15:37:07,840 INFO  [f.p.e.c.f.c.BootstrapChecks] Memory [Free/Total=Percent]: HEAP [34.3mb/949.3mb=3.62%], RAM [194mb/3.8gb=4.94%], Swap [0b/0b=0.0].
15:37:09,229 INFO  [f.p.e.c.f.FsCrawlerImpl] Starting FS crawler
15:37:09,234 INFO  [f.p.e.c.f.FsCrawlerImpl] FS crawler started in watch mode. It will run unless you stop it with CTRL+C.
15:37:11,898 INFO  [f.p.e.c.f.c.v.ElasticsearchClientV7] Elasticsearch Client for version 7.x connected to a node running version 7.17.0
15:37:12,380 INFO  [f.p.e.c.f.c.v.ElasticsearchClientV7] Elasticsearch Client for version 7.x connected to a node running version 7.17.0
15:37:13,156 INFO  [f.p.e.c.f.FsParserAbstract] FS crawler started for [resumes] for [/root/data/] every [1m]
15:37:13,318 WARN  [o.e.c.RestClient] request [POST http://192.168.1.126:8000/resumes/_search?typed_keys=true&max_concurrent_shard_requests=5&ignore_unavailable=true&expand_wildcards=open&allow_no_indices=true&ignore_throttled=false&search_type=query_then_fetch&batched_reduce_size=512] returned 1 warnings: [299 Elasticsearch-7.17.0-bee86328705acaa9a6daede7140defd4d9ec56bd "[ignore_throttled] parameter is deprecated because frozen indices have been deprecated.

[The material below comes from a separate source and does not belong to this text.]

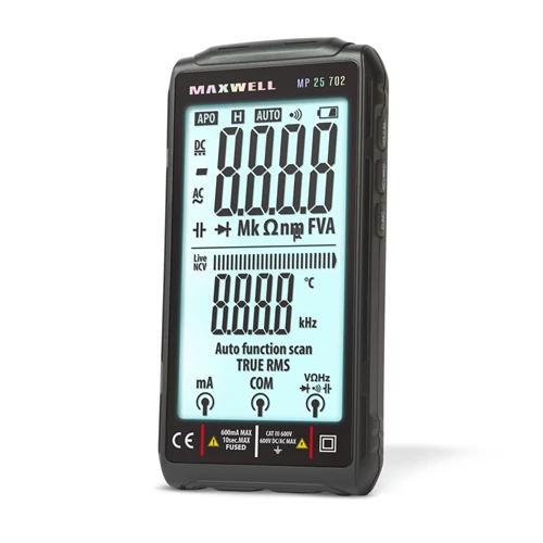 A teljesen automata multiméter előnye, hogy a mérés során a készülék automatikusan felismeri melyik funkcióra van szükség és abban végzi el a mérést. A nagyméretű kijelzőről könnyen és gyorsan leolvashatóak a mérési eredmények. A készülék hátoldalán található szenzor segítségével detektálhat feszültséget, anélkül, hogy a megbontaná a kábelezést. Ergonomikus készülékház, kompakt méret és könnyű kezelhetőség jellemzi. A praktikus, keményfalú hordozótáska megvédi a terméket a szállítások alkalmával. A beépített akkumulátor segítségével hosszú ideig használhatja a készüléket töltés nélkül, a Type-C porton keresztül gyorsan feltöltheti a készüléket, ezzel maximalizálva a készülék üzemidejét.
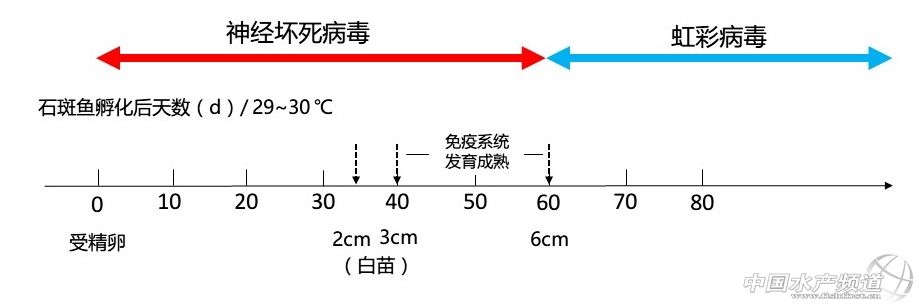 硬骨魚的免疫系統(tǒng)主要包括胸腺、脾臟、頭腎,以及粘膜組織內(nèi)彌散的一些免疫區(qū)域。胸腺是最為重要的特異性免疫器官,其主要細胞類型是分泌抗體的淋巴細胞。石斑魚是從什么時期開始有特異性免疫能力呢?臺灣學者的研究結(jié)果是40天(約4~5cm)以上(參考:石斑魚產(chǎn)業(yè)發(fā)展:安全繁養(yǎng)殖技術(shù)—鄭金華 | 行政院農(nóng)委會水產(chǎn)試驗所東港生技研究中心),瑪拉巴石斑魚(E. malabaricus)在40天以后胸腺發(fā)育完全成熟,點帶石斑魚(Epinephelus coioides)則更久,要2個月以上。神經(jīng)壞死病毒主要在60天以前感染,這段時間多數(shù)魚苗只有非特異性免疫,還不能產(chǎn)生抗體抵抗病毒,只能通過隔離病毒來預防,也就是所謂的SPF苗(Specific Pathogen Free,無特定病原),但真正要做到不接觸病原很難,神經(jīng)壞死病毒幾乎無處不在,既能從親本垂直傳播,也能通過海水和各種生物餌料水平傳播,這也就是為什么神經(jīng)壞死病毒病死亡率極高的原因。同樣的,虹彩病毒導致的黑身相對可控,死亡率較神經(jīng)壞死病毒低,原因是虹彩病毒主要在5cm后爆發(fā),此時免疫功能已經(jīng)初步形成,魚苗能夠產(chǎn)生抗性存活下來。

Consider cold or frozen tiers in place of frozen indices."]
15:37:13,365 WARN  [o.e.c.RestClient] request [POST http://192.168.1.126:8000/resumes_folder/_search?typed_keys=true&max_concurrent_shard_requests=5&ignore_unavailable=true&expand_wildcards=open&allow_no_indices=true&ignore_throttled=false&search_type=query_then_fetch&batched_reduce_size=512] returned 1 warnings: [299 Elasticsearch-7.17.0-bee86328705acaa9a6daede7140defd4d9ec56bd "[ignore_throttled] parameter is deprecated because frozen indices have been deprecated. Consider cold or frozen tiers in place of frozen indices."]

I cannot seam to get more verbose output. I would have expected some output like:

"found file input.pdf"
"scanning an indexing text"
"found image, applying ocr"
....

or something like that. What am I doing wrong?

I used the latest versions of everything.

I have since also installed tesseract using apt (although the fscrawler download should contain it) and tika 2.2.1.

To no avail.

If you have already run the job, that's expected as FSCrawler will only get the modified / added documents.

You can use the --restart option to make sure it starts again from scratch.

facepalm self

Thanks for your answer. This turned out to be the solution. I assumed since it hadn't actually indexed the documents yet, it would do that. It did not.

The --restart option fixed the issue. Should have found that myself.

In any case, thanks very much for taking the time to answer.

This topic was automatically closed 28 days after the last reply. New replies are no longer allowed.